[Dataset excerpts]
---+---

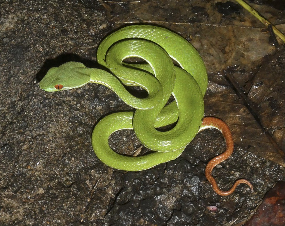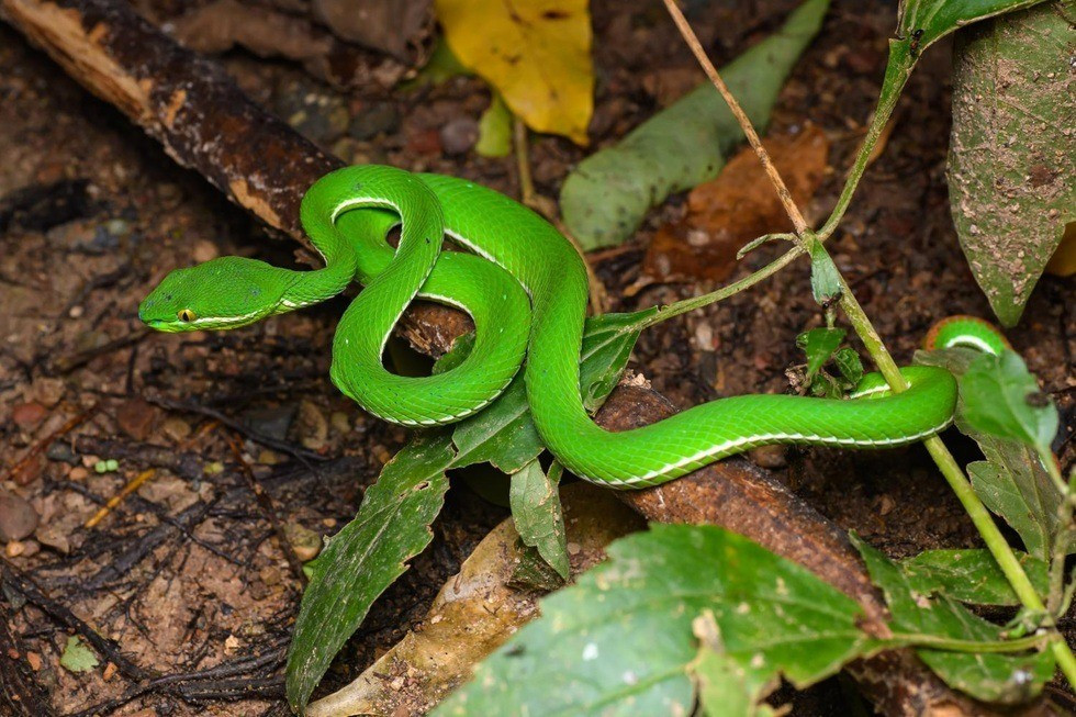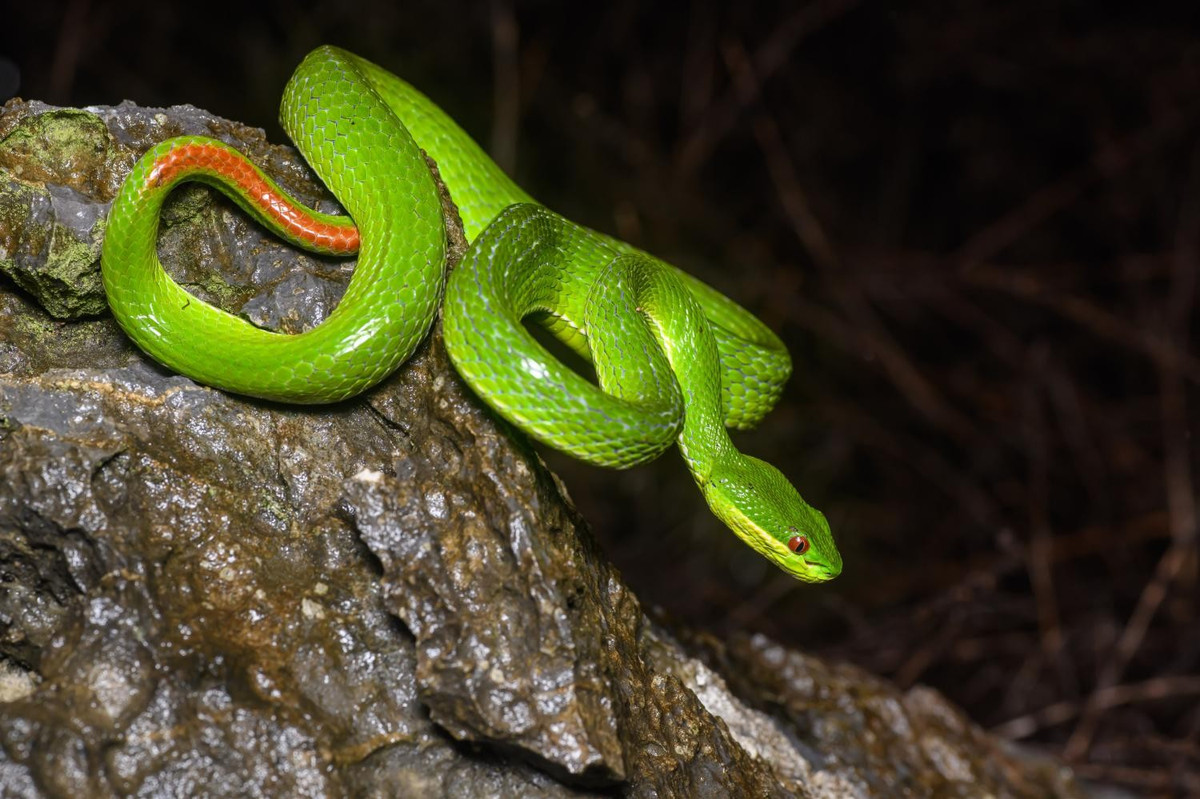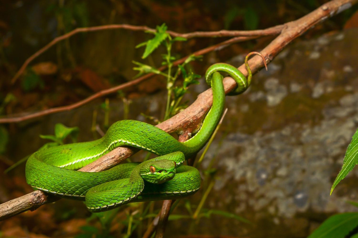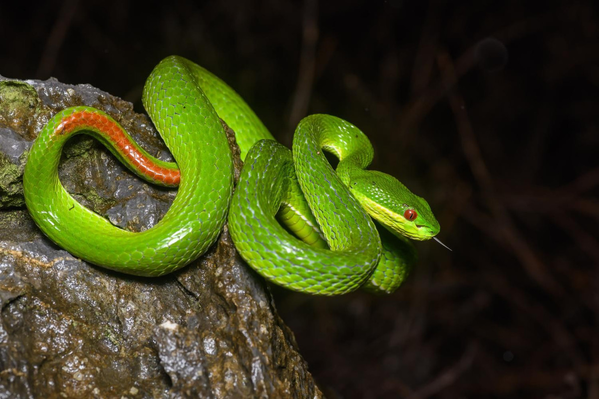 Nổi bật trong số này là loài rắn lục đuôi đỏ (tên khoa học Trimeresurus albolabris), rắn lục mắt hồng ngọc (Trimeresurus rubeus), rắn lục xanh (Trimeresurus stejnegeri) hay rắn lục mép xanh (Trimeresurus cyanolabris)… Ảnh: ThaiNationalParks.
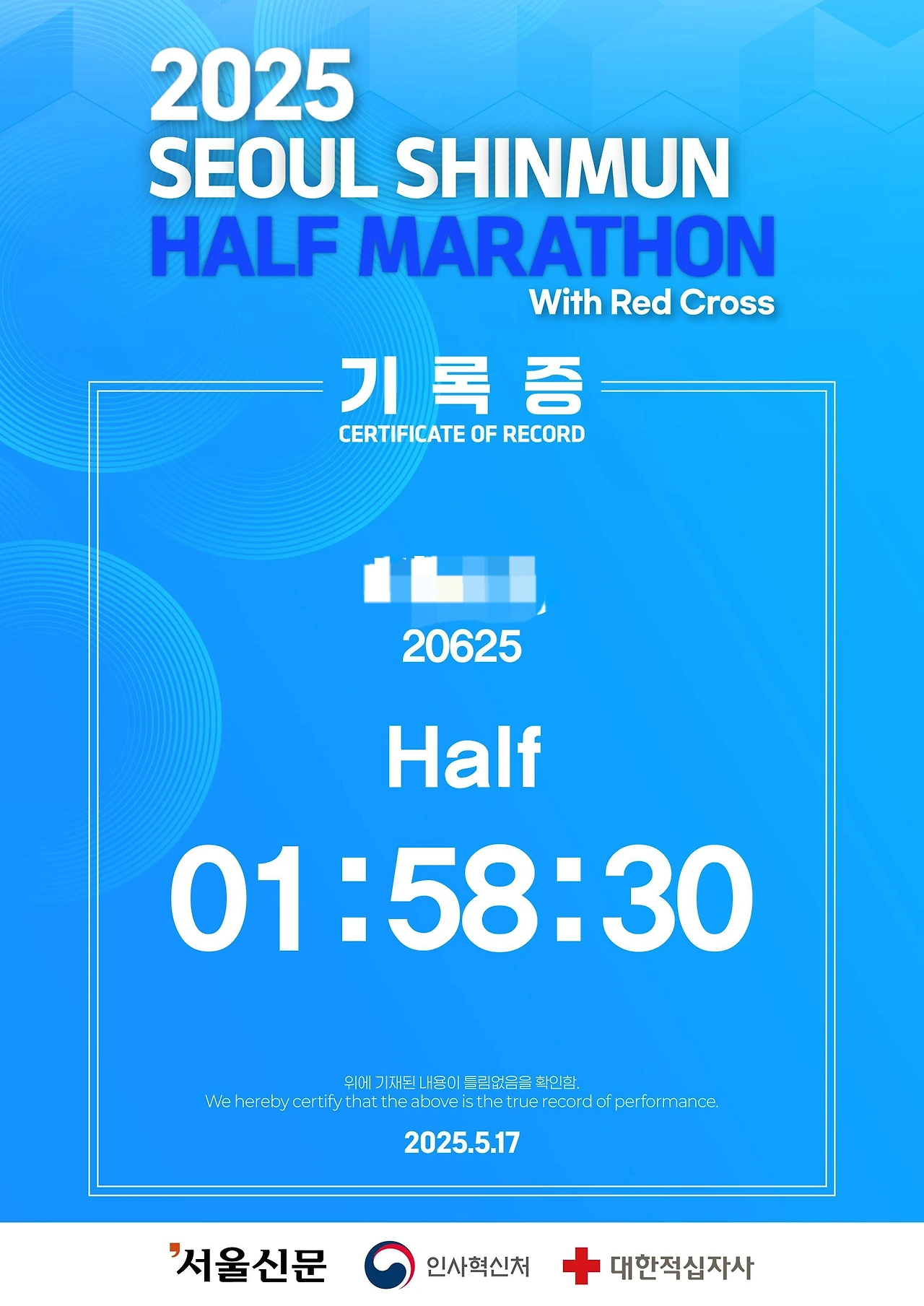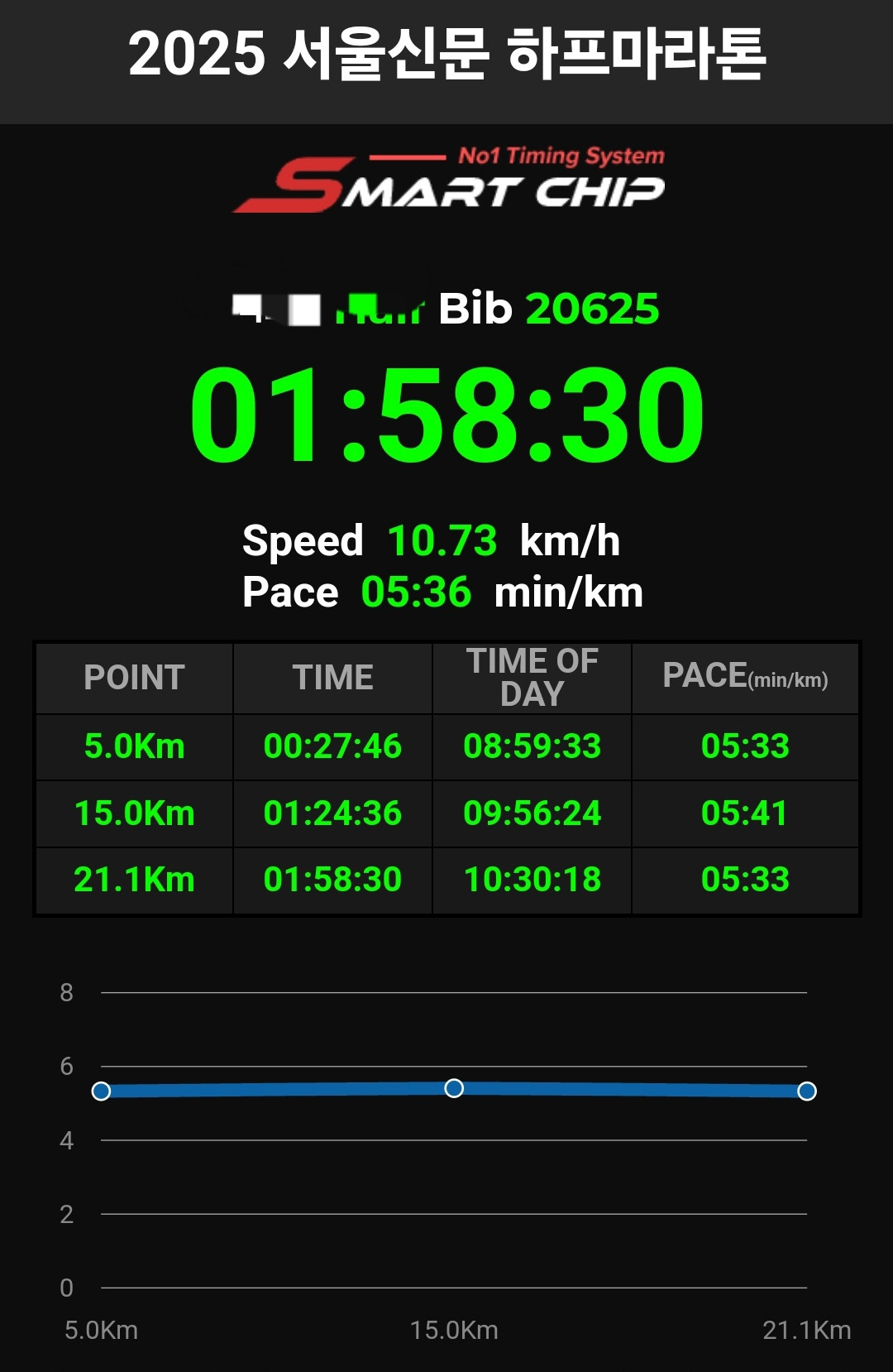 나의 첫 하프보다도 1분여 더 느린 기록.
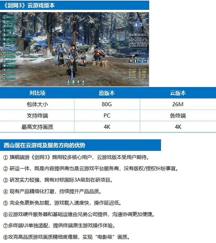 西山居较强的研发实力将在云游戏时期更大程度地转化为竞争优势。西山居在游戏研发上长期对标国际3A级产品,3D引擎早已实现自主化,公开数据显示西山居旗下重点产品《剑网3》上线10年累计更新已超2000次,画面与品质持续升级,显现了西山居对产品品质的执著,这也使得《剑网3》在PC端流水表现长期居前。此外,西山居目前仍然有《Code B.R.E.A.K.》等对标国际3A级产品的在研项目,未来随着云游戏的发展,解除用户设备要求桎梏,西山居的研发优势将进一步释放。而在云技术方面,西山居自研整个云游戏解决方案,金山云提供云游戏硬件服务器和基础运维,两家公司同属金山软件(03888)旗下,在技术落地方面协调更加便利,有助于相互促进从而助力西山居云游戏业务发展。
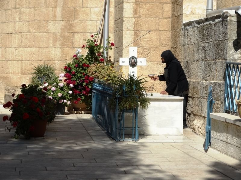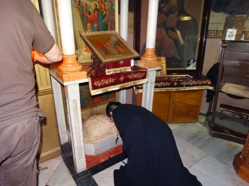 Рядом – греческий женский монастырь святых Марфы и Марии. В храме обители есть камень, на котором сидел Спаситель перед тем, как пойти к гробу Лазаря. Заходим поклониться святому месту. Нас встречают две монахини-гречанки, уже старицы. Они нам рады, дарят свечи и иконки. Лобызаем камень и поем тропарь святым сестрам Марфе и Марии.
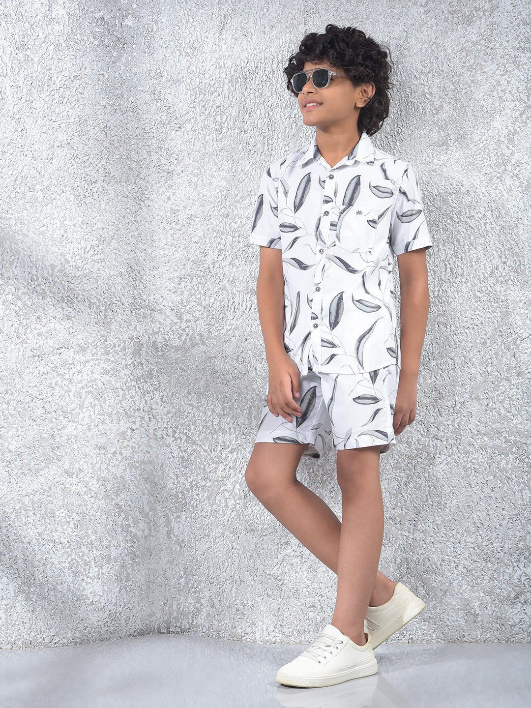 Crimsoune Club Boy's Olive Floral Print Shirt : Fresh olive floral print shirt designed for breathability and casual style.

---+---

- [How to complete this task] In the records above, find the line that contains "나의 첫 하프보다도 1분여 더 느린 기록.". Retype it and every line after it, exactly, leaving out all pictures.

- [Response for this exercise]
 나의 첫 하프보다도 1분여 더 느린 기록.
 西山居较强的研发实力将在云游戏时期更大程度地转化为竞争优势。西山居在游戏研发上长期对标国际3A级产品,3D引擎早已实现自主化,公开数据显示西山居旗下重点产品《剑网3》上线10年累计更新已超2000次,画面与品质持续升级,显现了西山居对产品品质的执著,这也使得《剑网3》在PC端流水表现长期居前。此外,西山居目前仍然有《Code B.R.E.A.K.》等对标国际3A级产品的在研项目,未来随着云游戏的发展,解除用户设备要求桎梏,西山居的研发优势将进一步释放。而在云技术方面,西山居自研整个云游戏解决方案,金山云提供云游戏硬件服务器和基础运维,两家公司同属金山软件(03888)旗下,在技术落地方面协调更加便利,有助于相互促进从而助力西山居云游戏业务发展。
 Рядом – греческий женский монастырь святых Марфы и Марии. В храме обители есть камень, на котором сидел Спаситель перед тем, как пойти к гробу Лазаря. Заходим поклониться святому месту. Нас встречают две монахини-гречанки, уже старицы. Они нам рады, дарят свечи и иконки. Лобызаем камень и поем тропарь святым сестрам Марфе и Марии.
 Crimsoune Club Boy's Olive Floral Print Shirt : Fresh olive floral print shirt designed for breathability and casual style.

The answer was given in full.